I think much of that is the fault of the language and over-reliance on the
pre-processor. Instead of relying on neat language features to minimise the
sizes of headers, everything has to be spelled out in a long-winded way.
Lack of proper namespaces (in lists of enumerations for example) means
identifiers are long and unwieldy, which doesn't help.


> if we spend 1000ms preprocessing and parsing the code, and 10ms or 100ms
> compiling it, where has most of the time gone?...


But even given all that, there are ways of dealing with huge header files so
that it is not necessary to repeatedly tokenise and parse the same headers
over and over again (for recompiling the same module, or compiling many
modules all sharing the same headers).


I've no idea whether many C compilers actually bother though; perhaps it's
easier to just recommend a faster computer..


> OTOH, in my scripting language (which doesn't use headers), I have
> generally been looking at millisecond-range compile times.


Well, that's more like it. Compilation time simply shouldn't be an issue,
not for compiling a single module anyway.


And has never been a problem for me, ever, no matter what hardware I was
using, partly thanks to using my own tools.


I only get a delay when there are interdependencies and I just recompile
everything for simplicity. Then I might have to twiddle my thumbs for 5-10
seconds. But then, I now have to rely on some external tools..


> although admittedly most of my compilers have tended to be pretty dumb,
> typically working like (for the upper end):
> split into tokens and parse the code directly into an AST;
> perform basic simplifications on the AST (evaluating constant
> expressions);
> perform basic type-analysis / inference (generally forward propagation
> driven by declarations and assignment operations);
> flatten this out into a bytecode-style format (binary serialization is
> optional).
>
> this is then currently followed by a backend which translates the
> bytecode into threaded-code and runs this (generally also pretty fast,
> and generally functions/methods are translated on call).


I have two current compilers, one native code, and this one for bytecode for
a dynamically typed, non-type-inferred language:


source -> lexer/parser -> types -> code generator -> optim -> binary
bytecode file


The type pass does very little here, mainly checking l-values and reducing
constant expressions. The optim pass does very little too, just reducing
some common bytecode combinations into one. Nevertheless, the resulting
bytecode, even with a straightforward, non JIT-ing interpreter, can make a
basic lexer run at some 3M tokens/second as I mentioned in another post.
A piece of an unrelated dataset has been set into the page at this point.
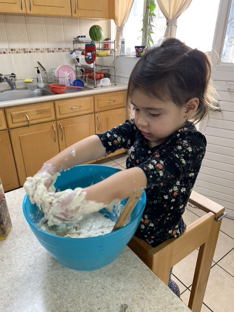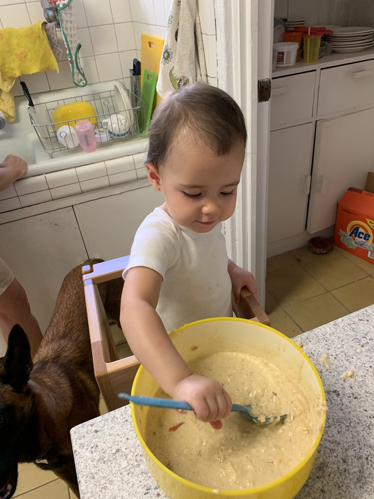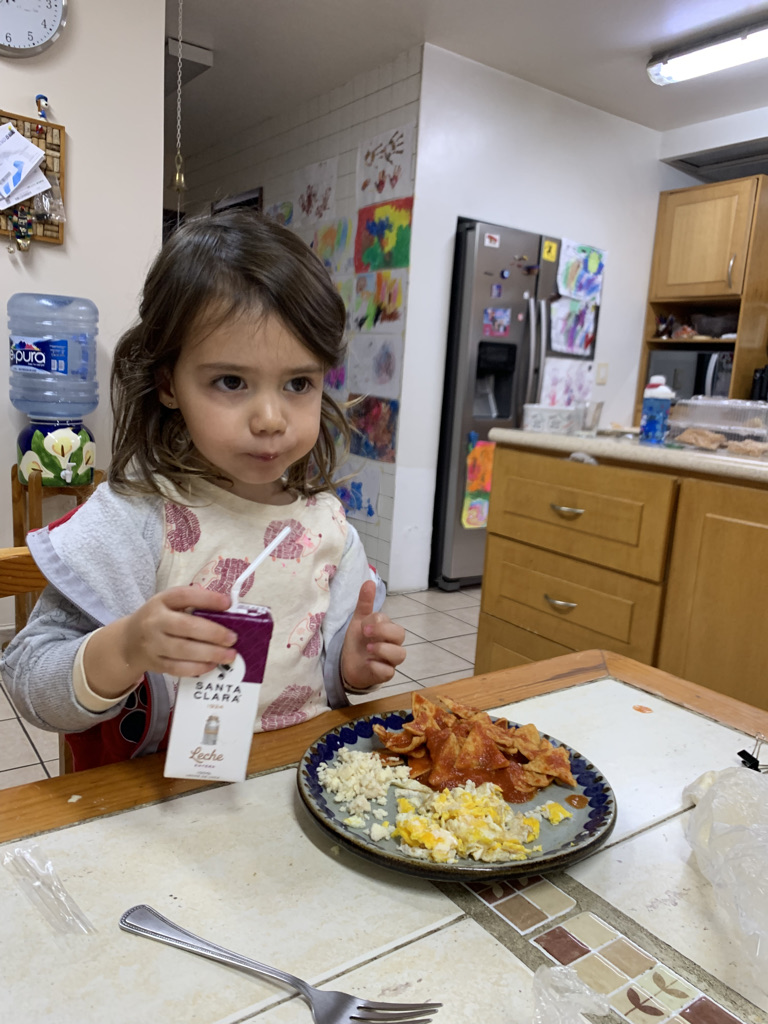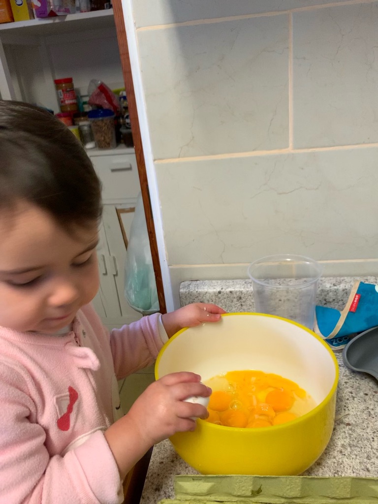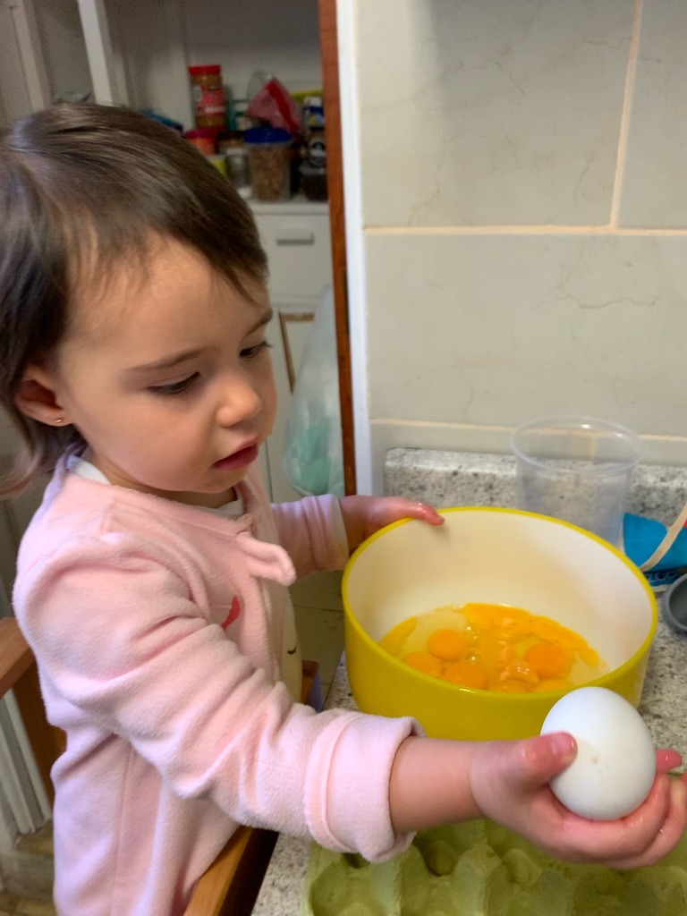 Actualmente ahora hay mas resultados pues es sorprendente como Pilin se interesa en participar de la preparación de los alimentos familiares y disfruta el ir probando de los ingredientes al mismo tiempo que colabora. En gran medida creo que los años de pandemia fueron un detonante para que tanto Pilin como su madre, potencializarán sus habilidades en la cocina. Y menciono esto porque Pilin contando dos años pasaditos de edad, ya sabia de memoria los ingredientes de los hot cakes, pero no con harina preparada, sino desde cero, harina, royal, sal, vainilla, canela, avena, alguna fruta rayada o zanahoria, huevos, leche, mantequilla, coco rayado y algunas otras variantes que Pilin va mencionando de memoria y que hacen de esta mezcla unos “hot cakes” nutritivos y deliciosos. Y a esa temprana edad ya, tenia la “comisión” de quebrar los huevos cuando se requerían.

The native code compiler is more involved (I hate these ones! But I need one
to implement the interpreter):


source -> lexer/parser -> names -> types -> intermediate code generator ->
target code generator -> optim -> asm source file


The optim stage does some peephole stuff, but haven't gone as far as having
some variables allocated to registers. Last time I checked, it was
perhaps 40-50% slower than gcc-O1, averaged over ~20
integer/floating-point-intensive benchmarks. That might do me.


--
Bartc
[I've seen C compilers that keep preparsed versions of headers. Dunno
what they do with #if. Also see Microsoft's C# and other .NET languages,
that put all of the type info in the objects, so you can use the object
as a compiled include file. -John]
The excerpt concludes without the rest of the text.